## PROVIDED RECORDS
Content starts

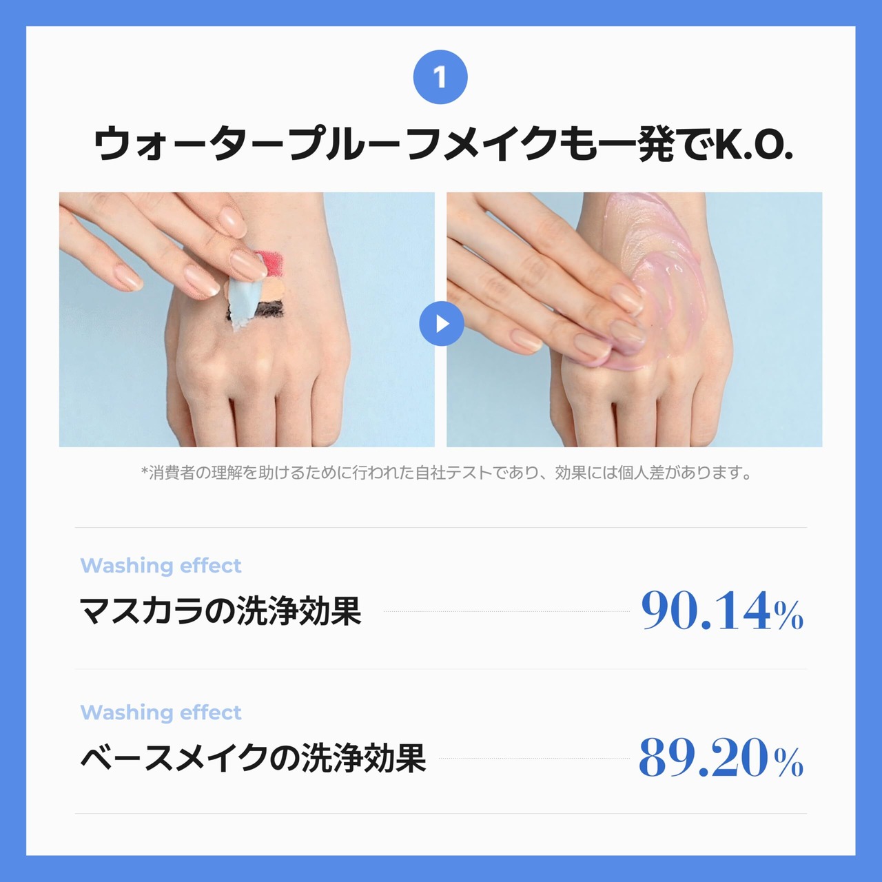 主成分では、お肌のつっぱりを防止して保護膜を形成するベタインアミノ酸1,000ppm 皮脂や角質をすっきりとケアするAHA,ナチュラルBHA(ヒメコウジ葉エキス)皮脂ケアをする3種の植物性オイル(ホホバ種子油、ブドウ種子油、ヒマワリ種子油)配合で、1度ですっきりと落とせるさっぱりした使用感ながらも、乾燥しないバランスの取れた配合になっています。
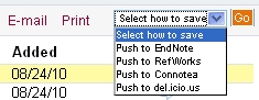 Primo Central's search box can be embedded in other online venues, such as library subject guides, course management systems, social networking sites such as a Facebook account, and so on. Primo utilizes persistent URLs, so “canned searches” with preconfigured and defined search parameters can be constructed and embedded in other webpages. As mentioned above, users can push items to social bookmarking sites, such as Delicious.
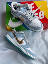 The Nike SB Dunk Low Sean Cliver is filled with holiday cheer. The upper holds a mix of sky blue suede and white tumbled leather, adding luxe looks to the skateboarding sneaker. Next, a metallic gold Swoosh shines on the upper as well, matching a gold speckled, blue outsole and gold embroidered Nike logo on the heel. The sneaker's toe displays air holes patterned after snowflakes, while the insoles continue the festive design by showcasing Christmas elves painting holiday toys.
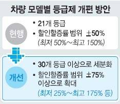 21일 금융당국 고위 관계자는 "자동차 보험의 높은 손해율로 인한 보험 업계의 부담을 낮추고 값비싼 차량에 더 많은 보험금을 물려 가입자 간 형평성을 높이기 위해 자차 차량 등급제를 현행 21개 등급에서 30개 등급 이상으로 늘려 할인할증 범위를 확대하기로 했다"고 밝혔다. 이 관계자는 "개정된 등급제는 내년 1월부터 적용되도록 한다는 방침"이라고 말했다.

Content ends
Content starts

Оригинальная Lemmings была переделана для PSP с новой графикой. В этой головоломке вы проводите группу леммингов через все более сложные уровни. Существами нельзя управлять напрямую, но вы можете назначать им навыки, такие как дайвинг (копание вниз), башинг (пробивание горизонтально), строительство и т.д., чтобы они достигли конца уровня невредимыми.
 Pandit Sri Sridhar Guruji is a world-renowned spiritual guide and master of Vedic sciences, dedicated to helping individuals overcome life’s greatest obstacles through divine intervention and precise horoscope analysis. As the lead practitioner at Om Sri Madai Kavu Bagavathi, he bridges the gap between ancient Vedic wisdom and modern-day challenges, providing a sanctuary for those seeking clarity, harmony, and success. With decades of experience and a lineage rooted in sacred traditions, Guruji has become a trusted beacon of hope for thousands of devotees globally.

Content ends

## TASK DETAILS
From the line holding "主成分では、お肌のつっぱりを" to the line holding "Primo Central's search", both included, retype the entries above exactly and drop the pictures.

## SOLUTION TO THIS EXERCISE
 主成分では、お肌のつっぱりを防止して保護膜を形成するベタインアミノ酸1,000ppm 皮脂や角質をすっきりとケアするAHA,ナチュラルBHA(ヒメコウジ葉エキス)皮脂ケアをする3種の植物性オイル(ホホバ種子油、ブドウ種子油、ヒマワリ種子油)配合で、1度ですっきりと落とせるさっぱりした使用感ながらも、乾燥しないバランスの取れた配合になっています。
 Primo Central's search box can be embedded in other online venues, such as library subject guides, course management systems, social networking sites such as a Facebook account, and so on. Primo utilizes persistent URLs, so “canned searches” with preconfigured and defined search parameters can be constructed and embedded in other webpages. As mentioned above, users can push items to social bookmarking sites, such as Delicious.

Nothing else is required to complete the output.